━━━ Recorded information

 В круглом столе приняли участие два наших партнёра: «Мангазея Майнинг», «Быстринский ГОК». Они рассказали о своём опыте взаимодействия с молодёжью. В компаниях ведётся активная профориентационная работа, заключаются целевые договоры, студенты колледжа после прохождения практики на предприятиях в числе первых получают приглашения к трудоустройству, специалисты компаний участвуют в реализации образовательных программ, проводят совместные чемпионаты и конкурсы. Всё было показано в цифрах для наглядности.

━━━━━━
━━━ Recorded information

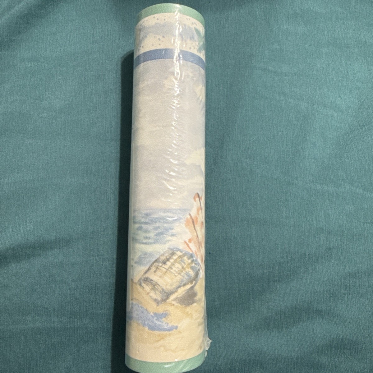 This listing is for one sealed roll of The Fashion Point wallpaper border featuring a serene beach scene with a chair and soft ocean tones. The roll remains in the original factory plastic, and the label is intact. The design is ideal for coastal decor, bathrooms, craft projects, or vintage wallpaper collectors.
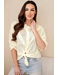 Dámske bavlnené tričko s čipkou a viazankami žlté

━━━━━━
━━━ Recorded information

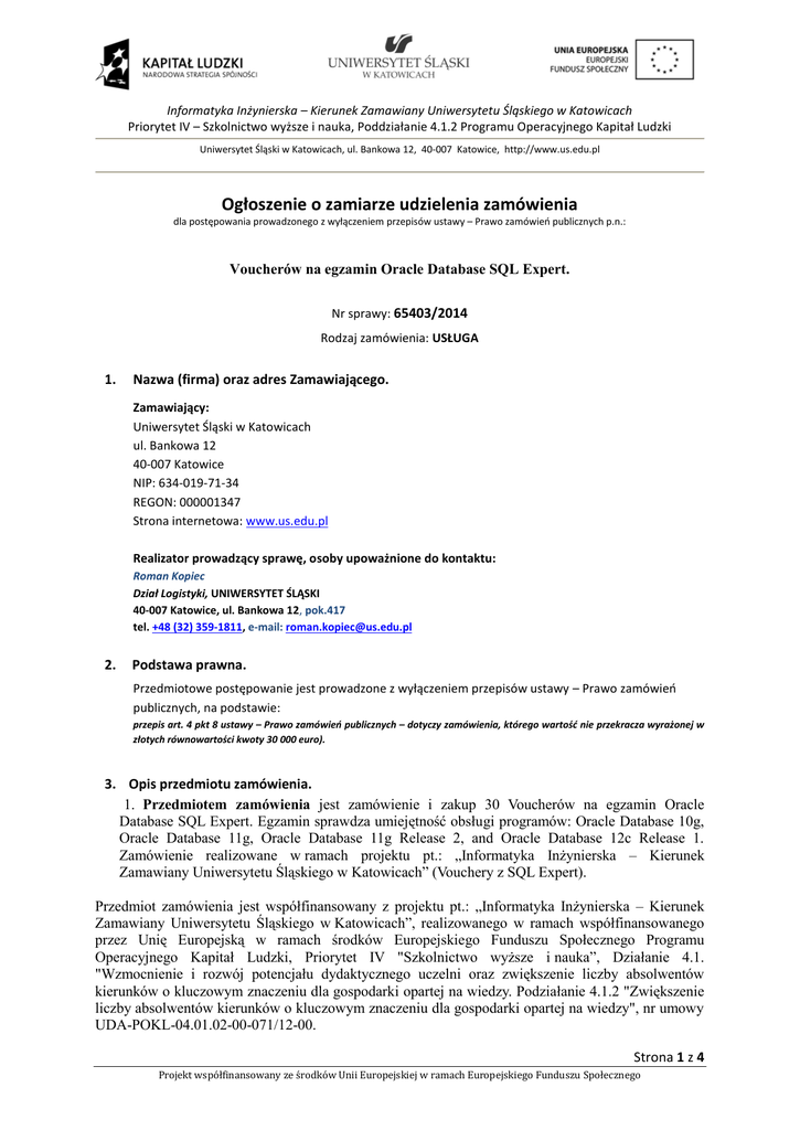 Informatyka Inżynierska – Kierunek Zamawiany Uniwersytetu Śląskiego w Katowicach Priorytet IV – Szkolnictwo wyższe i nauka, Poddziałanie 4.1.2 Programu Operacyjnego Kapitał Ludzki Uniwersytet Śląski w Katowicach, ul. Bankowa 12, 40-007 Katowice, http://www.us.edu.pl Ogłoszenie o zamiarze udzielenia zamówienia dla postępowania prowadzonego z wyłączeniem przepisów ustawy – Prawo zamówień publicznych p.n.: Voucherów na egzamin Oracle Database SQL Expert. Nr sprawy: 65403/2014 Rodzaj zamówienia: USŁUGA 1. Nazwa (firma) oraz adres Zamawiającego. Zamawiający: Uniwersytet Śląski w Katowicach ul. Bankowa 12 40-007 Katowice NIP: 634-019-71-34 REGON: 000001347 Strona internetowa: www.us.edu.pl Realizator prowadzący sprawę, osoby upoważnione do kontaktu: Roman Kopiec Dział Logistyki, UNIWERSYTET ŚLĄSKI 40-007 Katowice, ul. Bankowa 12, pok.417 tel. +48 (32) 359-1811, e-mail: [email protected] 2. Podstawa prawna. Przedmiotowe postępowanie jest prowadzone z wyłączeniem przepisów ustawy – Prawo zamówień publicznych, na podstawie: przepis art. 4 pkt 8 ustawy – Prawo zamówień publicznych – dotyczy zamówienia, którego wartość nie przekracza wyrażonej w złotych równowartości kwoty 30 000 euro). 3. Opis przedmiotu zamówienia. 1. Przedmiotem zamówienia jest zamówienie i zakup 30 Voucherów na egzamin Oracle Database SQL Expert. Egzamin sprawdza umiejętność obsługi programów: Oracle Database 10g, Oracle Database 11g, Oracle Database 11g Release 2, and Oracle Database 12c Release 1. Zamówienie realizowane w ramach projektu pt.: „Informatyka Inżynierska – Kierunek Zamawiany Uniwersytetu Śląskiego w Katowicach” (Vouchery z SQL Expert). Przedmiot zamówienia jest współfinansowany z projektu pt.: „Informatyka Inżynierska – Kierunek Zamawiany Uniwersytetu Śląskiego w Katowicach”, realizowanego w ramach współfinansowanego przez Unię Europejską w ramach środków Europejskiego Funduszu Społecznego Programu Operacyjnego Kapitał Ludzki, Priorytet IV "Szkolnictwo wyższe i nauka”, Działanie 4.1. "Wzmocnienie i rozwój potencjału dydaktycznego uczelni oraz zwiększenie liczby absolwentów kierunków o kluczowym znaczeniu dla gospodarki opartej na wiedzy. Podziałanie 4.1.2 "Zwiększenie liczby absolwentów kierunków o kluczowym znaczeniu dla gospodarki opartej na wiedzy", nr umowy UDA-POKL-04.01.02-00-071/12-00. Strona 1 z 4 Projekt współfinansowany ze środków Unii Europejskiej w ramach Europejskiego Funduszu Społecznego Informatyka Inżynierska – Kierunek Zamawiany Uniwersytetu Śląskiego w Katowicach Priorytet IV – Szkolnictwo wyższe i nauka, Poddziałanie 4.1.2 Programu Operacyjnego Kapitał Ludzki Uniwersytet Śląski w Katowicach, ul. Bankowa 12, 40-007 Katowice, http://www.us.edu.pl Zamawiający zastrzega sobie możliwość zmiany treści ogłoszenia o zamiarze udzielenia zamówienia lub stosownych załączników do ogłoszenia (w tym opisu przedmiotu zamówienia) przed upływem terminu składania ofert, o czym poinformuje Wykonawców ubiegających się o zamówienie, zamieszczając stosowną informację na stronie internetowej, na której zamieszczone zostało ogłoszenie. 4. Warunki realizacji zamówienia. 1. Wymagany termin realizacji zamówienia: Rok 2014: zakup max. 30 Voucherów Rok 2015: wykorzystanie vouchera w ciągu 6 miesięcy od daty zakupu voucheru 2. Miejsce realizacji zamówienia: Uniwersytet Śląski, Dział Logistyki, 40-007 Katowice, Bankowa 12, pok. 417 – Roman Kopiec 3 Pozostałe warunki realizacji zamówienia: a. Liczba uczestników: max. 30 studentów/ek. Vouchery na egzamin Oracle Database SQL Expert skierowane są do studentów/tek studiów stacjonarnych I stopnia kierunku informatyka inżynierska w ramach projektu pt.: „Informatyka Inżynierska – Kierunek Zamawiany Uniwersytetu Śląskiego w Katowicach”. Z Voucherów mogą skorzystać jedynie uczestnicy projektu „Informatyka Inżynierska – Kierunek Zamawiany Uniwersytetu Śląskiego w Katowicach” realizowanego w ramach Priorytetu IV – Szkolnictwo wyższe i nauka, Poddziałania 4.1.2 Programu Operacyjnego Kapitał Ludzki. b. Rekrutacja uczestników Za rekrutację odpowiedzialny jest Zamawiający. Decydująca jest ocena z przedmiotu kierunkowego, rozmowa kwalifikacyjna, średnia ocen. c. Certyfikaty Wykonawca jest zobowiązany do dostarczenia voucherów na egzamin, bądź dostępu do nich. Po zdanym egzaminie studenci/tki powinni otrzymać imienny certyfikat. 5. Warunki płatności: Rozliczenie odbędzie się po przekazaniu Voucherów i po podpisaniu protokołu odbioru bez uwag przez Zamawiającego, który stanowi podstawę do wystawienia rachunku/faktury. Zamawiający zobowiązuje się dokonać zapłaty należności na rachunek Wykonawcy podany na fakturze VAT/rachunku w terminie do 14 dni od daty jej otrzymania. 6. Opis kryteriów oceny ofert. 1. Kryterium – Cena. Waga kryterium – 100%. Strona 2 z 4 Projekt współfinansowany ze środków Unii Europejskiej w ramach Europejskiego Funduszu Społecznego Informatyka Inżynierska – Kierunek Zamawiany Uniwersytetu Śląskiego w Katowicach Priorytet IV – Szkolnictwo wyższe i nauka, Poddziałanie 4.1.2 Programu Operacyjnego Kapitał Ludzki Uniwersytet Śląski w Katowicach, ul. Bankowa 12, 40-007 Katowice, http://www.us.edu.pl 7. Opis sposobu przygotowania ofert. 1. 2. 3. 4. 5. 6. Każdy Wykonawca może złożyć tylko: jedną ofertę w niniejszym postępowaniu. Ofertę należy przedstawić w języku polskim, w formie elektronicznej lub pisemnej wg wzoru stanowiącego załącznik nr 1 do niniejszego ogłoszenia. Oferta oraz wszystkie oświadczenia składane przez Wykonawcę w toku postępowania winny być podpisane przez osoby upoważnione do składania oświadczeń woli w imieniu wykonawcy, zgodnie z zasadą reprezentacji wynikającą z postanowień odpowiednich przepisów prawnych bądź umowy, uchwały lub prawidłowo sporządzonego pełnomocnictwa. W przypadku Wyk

━━━━━━

▶ [What you will do] I would like the exact lines from the data above, starting with the one that holds "This listing is" and going on through the one that holds "Dámske bavlnené tričko", without the pictures.

▶ [Task output]
 This listing is for one sealed roll of The Fashion Point wallpaper border featuring a serene beach scene with a chair and soft ocean tones. The roll remains in the original factory plastic, and the label is intact. The design is ideal for coastal decor, bathrooms, craft projects, or vintage wallpaper collectors.
 Dámske bavlnené tričko s čipkou a viazankami žlté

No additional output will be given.